SLURM Multinode Configuration

  1. Configure profile

    flight profile configure
    
    1. This brings up a UI, where several options need to be set. Use up and down arrow keys to scroll through options and enter to move to the next option. Options in brackets coloured yellow are the default options that will be applied if nothing is entered.
      • Cluster type: The type of cluster setup needed, in this case Slurm Multinode.
      • Cluster name: The name of the cluster.
      • Setup Multi User Environment with IPA?: Boolean value to determine whether to configure a multi-user environment with IPA. If set to true then the following will need to be filled in
        • IPA domain: The domain for the IPA server to use.
        • IPA secure admin password: The password to be used by the admin user of the IPA installation to manage the server.
      • Default user: The user that you log in with.
      • Set user password: Set a password to be used for the chosen default user.
      • IP or FQDN for Web Access: As described here, this could be the public IP or public hostname.
      • IP range of compute nodes: The IP range of the compute nodes used, remember to add the netmask.
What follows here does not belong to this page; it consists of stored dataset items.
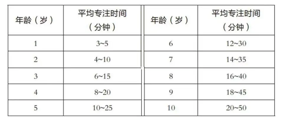孩子能集中注意力的时间,会以每年延长2-5分钟的速度不断增加。不同阶段的孩子,他专注的时间不同。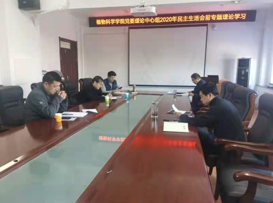 1月7日上午,植物科学学院组织开展党委理论中心组2020年民主生活会会前专题理论学习,学院党委书记于生宗同志主持学习,按照学校党委《关于开好2020年度处级党员领导干部民主生活会的通知》要求,开展集中学习研讨,为开好学院领导班子民主生活会打牢思想理论基础。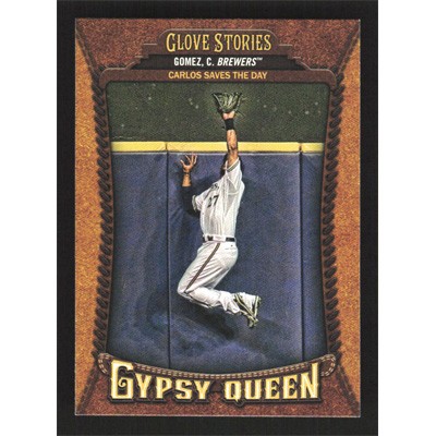 This is a 2014 Topps Gypsy Queen Glove Stories Carlos Gomez baseball card. The card is #GS-CG and pictures show condition.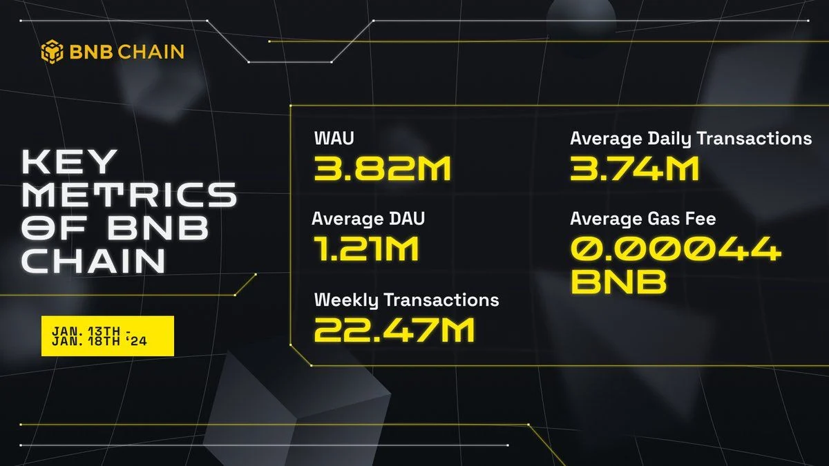 Nesta segunda-feira (22), a equipe da rede BNB publicou estatísticas do ecossistema. O gráfico mostra que houve 3,74 milhões de transações diárias a uma minúscula taxa média de apenas 0,00044 BNB.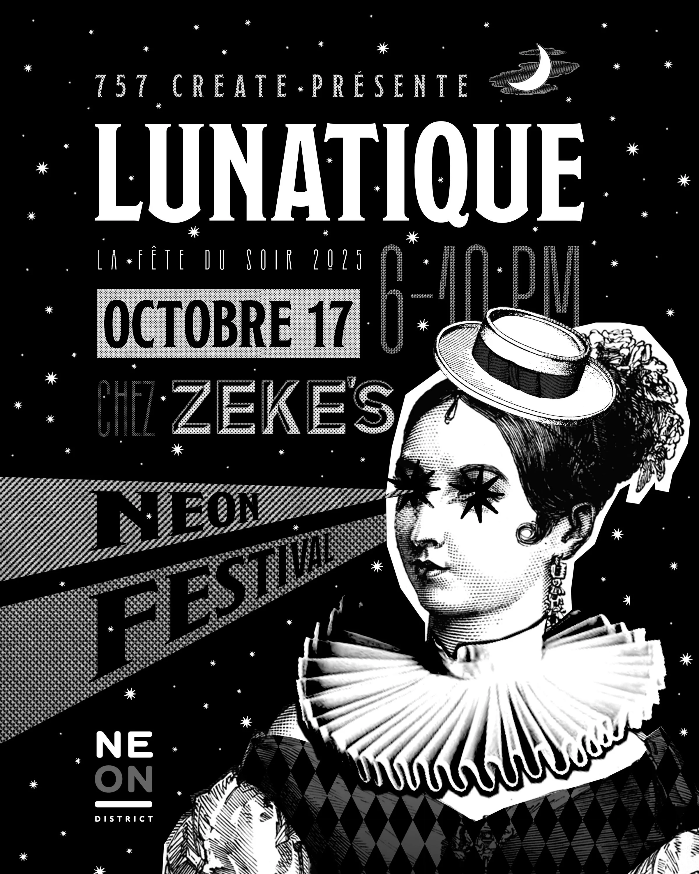 Bienvenue et enchanté! Lunatique will be a refuge during the 10th annual NEON Festival. Nestled in the back patio of Zeke’s on Granby, for one night only experience an outdoor lounge inspired by Père-Lachaise in France.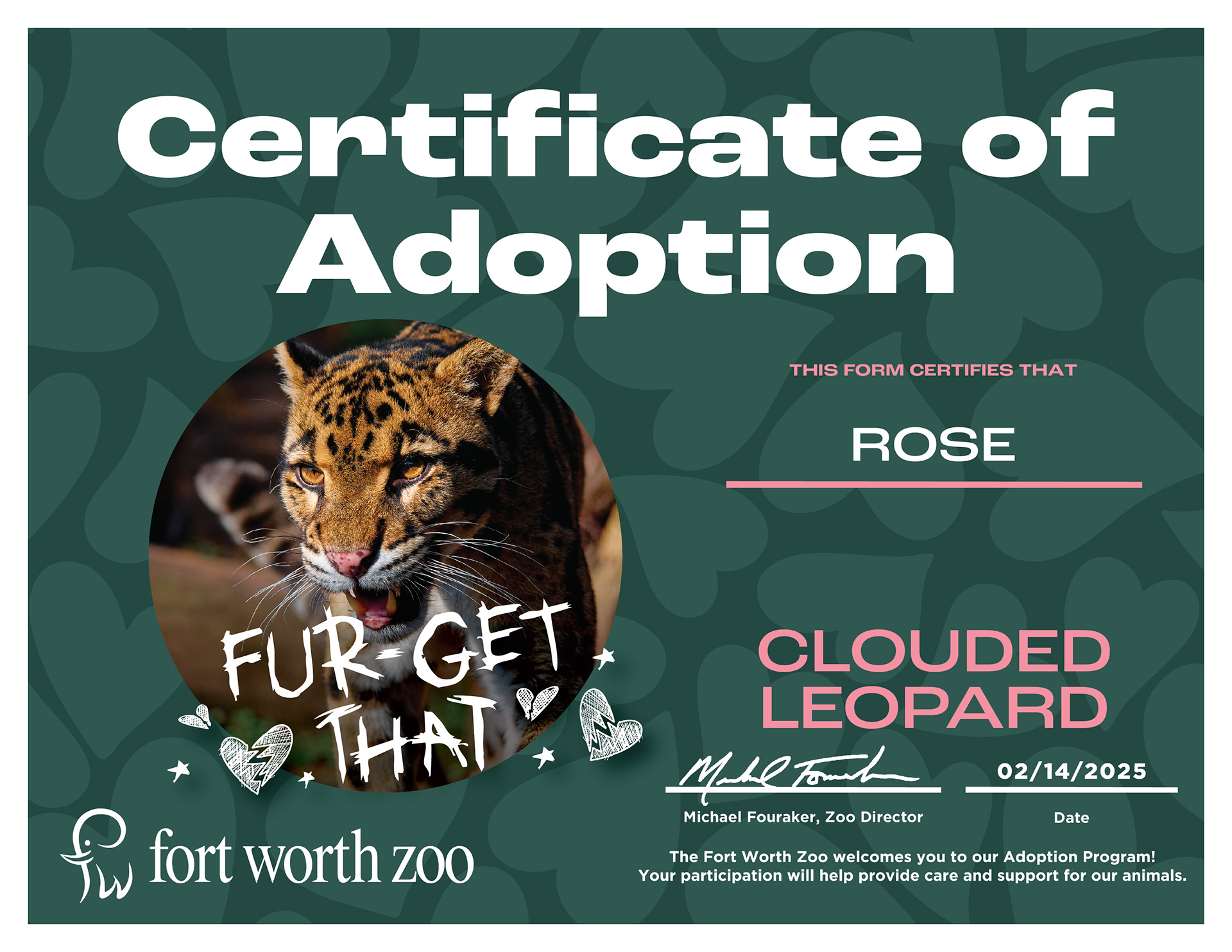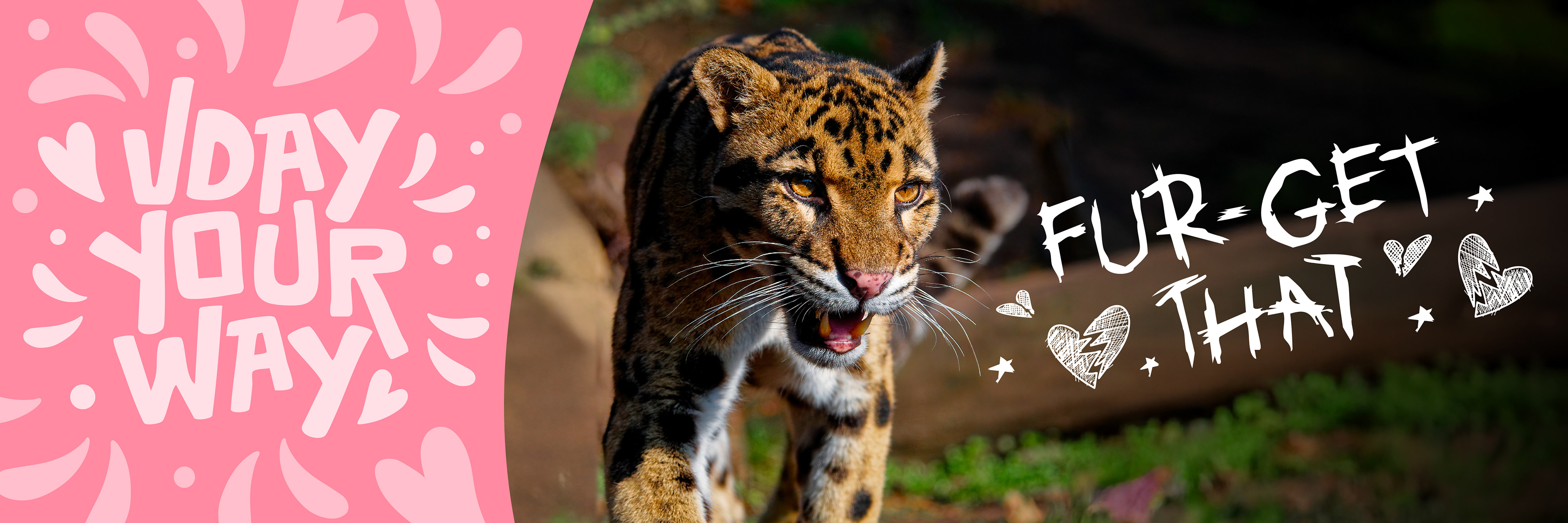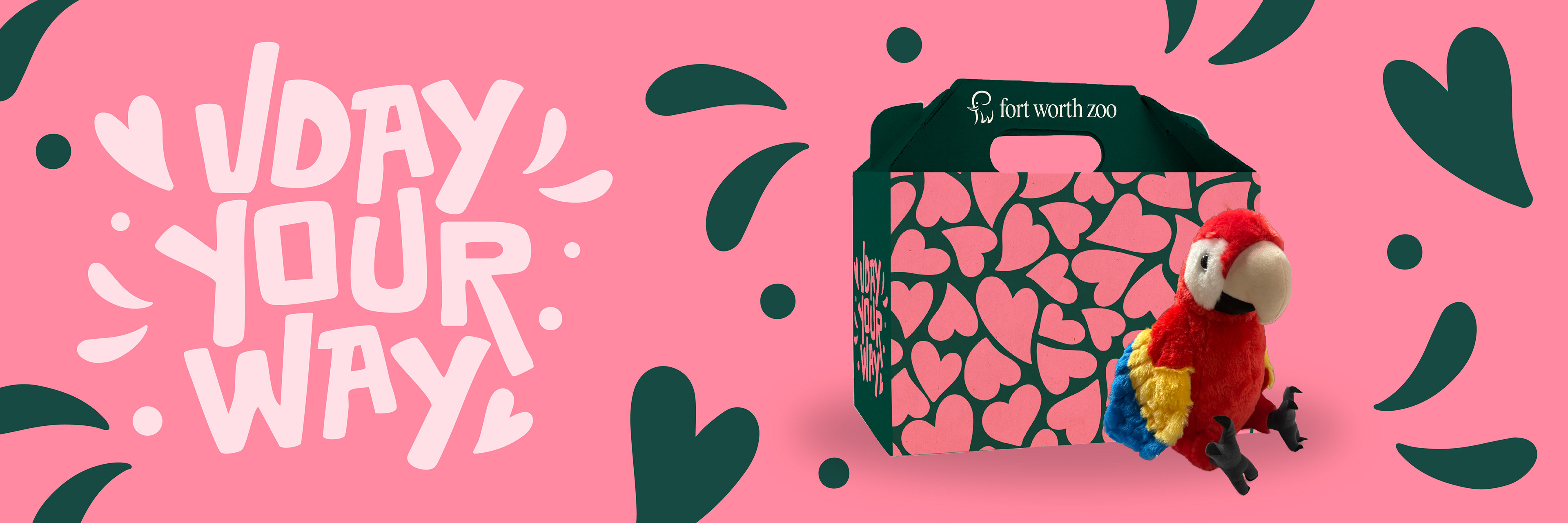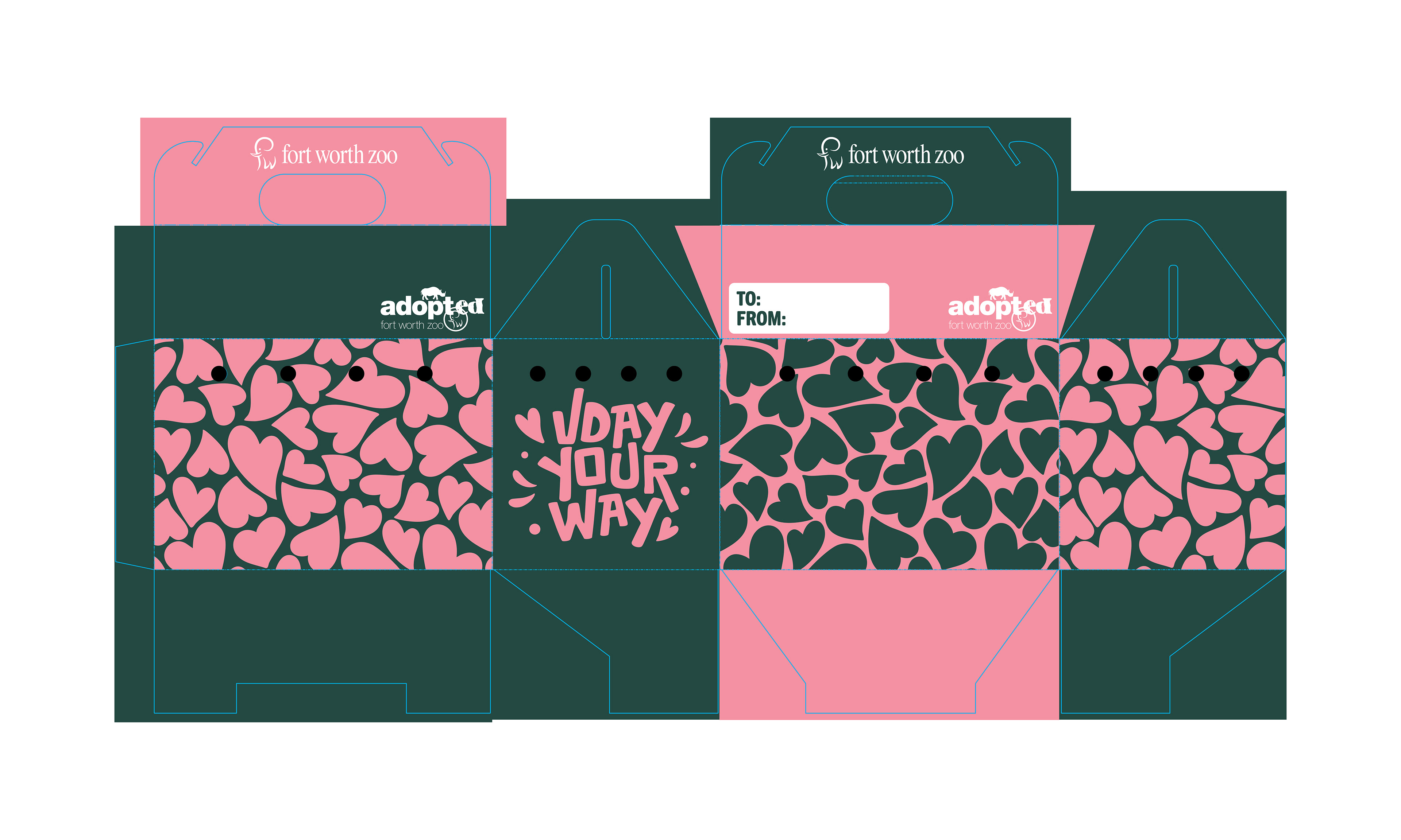 Create a Valentine’s Day adoption box for the Fort Worth Zoo. Include themed taglines for the African Painted Dog, African Lion, and African Penguin to build a V-Day campaign that encourages guests to “adopt” a furry friend. All imagery must be two-toned and rendered in halftone dots to accommodate printing on the physical box. Deliverables include the adoption box package, event signage, and accompanying ephemera.

E.g. 172.31.16.0/20
  2. Apply identities by running the command flight profile apply

    1. First apply an identity to the login node

      flight profile apply login1 login
      

    2. Wait for the login node identity to finish applying. You can check the status of all nodes with flight profile list.

      Tip

      You can watch the progress of the application with flight profile view login1 --watch

    3. Apply an identity to the each of the compute nodes (in this example, genders-style syntax is used to apply to node01 and node02)

      flight profile apply node[01-02] compute
      

      Tip

      You can check all available identities for the current profile with flight profile identities

Success

Congratulations, you've now created a SLURM Multinode environment! Learn more about SLURM in the HPC Environment docs.

Verifying Functionality

  1. Create a file called simplejobscript.sh, and copy this into it:

    #!/bin/bash -l
    echo "Starting running on host $HOSTNAME"
    sleep 30
    echo "Finished running - goodbye from $HOSTNAME"
    

  2. Run the script with sbatch simplejobscript.sh, and to test all your nodes try queuing up enough jobs that all nodes will have to run.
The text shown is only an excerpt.